> Exercise goal
Check each line of the listing below for the string "were", and copy the ones that have it.

##########

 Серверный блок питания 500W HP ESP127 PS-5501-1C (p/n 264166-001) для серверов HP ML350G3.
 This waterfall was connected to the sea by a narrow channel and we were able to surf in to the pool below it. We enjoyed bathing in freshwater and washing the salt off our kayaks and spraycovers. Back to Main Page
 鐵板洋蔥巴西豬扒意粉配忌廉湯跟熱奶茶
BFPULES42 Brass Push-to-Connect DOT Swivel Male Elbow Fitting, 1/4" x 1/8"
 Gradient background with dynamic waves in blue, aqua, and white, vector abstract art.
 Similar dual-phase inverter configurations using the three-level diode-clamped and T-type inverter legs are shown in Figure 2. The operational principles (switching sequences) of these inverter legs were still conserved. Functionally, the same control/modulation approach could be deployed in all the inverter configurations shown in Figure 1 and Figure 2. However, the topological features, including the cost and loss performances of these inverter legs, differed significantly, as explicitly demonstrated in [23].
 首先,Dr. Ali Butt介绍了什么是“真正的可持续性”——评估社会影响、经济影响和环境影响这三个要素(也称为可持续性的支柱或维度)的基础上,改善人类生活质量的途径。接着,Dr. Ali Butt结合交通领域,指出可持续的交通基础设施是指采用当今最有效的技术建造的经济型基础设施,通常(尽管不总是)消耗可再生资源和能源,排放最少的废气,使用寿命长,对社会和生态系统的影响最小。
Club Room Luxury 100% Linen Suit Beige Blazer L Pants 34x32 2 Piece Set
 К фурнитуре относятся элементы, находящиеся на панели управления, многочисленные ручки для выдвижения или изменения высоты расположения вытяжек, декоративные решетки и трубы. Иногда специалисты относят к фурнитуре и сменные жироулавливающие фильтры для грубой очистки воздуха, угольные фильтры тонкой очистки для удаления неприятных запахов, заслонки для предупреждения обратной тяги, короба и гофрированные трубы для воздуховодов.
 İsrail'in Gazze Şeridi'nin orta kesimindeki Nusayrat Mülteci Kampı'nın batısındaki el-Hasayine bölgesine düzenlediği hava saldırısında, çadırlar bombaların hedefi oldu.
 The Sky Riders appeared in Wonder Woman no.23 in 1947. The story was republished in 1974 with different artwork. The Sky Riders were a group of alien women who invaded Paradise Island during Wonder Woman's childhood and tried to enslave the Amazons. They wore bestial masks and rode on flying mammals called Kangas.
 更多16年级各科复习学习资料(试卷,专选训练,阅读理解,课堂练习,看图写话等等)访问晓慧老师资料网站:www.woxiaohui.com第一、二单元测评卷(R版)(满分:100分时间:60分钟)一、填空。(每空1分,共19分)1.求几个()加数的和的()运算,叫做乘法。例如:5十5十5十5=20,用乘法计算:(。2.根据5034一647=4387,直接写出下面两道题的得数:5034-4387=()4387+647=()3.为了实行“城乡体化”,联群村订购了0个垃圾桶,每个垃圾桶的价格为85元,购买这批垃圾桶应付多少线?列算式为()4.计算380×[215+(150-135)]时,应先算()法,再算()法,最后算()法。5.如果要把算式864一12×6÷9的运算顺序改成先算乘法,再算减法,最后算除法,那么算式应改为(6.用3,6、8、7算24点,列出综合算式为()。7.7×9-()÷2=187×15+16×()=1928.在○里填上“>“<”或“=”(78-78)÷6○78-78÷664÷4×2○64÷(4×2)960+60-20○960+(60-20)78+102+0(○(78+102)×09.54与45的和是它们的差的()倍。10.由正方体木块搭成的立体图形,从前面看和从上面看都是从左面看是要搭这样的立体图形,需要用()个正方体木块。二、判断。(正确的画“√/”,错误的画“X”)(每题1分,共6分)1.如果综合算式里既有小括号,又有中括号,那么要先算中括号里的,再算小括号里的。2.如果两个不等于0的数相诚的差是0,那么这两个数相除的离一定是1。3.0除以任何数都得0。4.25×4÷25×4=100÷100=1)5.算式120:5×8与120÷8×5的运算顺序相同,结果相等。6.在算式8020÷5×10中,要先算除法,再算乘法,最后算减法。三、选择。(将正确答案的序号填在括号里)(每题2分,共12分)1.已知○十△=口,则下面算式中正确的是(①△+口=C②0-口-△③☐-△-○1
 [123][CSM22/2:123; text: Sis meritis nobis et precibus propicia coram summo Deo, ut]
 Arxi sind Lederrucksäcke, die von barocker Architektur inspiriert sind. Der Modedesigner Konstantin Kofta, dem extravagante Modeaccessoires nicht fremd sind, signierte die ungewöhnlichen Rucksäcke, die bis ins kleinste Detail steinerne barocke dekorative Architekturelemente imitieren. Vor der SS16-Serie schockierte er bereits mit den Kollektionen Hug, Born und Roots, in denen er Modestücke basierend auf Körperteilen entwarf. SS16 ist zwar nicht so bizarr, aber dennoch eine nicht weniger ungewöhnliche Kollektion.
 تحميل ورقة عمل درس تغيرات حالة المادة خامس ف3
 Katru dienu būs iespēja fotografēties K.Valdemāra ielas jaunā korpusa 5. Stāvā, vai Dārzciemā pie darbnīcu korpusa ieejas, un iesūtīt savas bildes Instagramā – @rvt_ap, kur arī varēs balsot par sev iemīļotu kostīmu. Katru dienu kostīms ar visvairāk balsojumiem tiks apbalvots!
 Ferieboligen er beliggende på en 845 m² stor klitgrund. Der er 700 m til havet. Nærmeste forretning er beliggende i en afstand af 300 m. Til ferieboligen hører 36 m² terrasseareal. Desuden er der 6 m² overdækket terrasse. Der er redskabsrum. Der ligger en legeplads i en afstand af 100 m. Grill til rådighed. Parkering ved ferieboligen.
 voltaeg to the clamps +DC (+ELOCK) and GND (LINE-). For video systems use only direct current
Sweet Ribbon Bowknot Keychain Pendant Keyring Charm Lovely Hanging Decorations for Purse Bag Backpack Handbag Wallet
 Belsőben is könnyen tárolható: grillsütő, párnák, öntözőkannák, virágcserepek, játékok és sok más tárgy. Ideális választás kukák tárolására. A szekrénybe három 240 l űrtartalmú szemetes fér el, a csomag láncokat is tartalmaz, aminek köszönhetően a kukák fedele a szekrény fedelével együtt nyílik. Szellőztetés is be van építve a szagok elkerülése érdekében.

##########

> Answer area
 This waterfall was connected to the sea by a narrow channel and we were able to surf in to the pool below it. We enjoyed bathing in freshwater and washing the salt off our kayaks and spraycovers. Back to Main Page
 Similar dual-phase inverter configurations using the three-level diode-clamped and T-type inverter legs are shown in Figure 2. The operational principles (switching sequences) of these inverter legs were still conserved. Functionally, the same control/modulation approach could be deployed in all the inverter configurations shown in Figure 1 and Figure 2. However, the topological features, including the cost and loss performances of these inverter legs, differed significantly, as explicitly demonstrated in [23].
 The Sky Riders appeared in Wonder Woman no.23 in 1947. The story was republished in 1974 with different artwork. The Sky Riders were a group of alien women who invaded Paradise Island during Wonder Woman's childhood and tried to enslave the Amazons. They wore bestial masks and rode on flying mammals called Kangas.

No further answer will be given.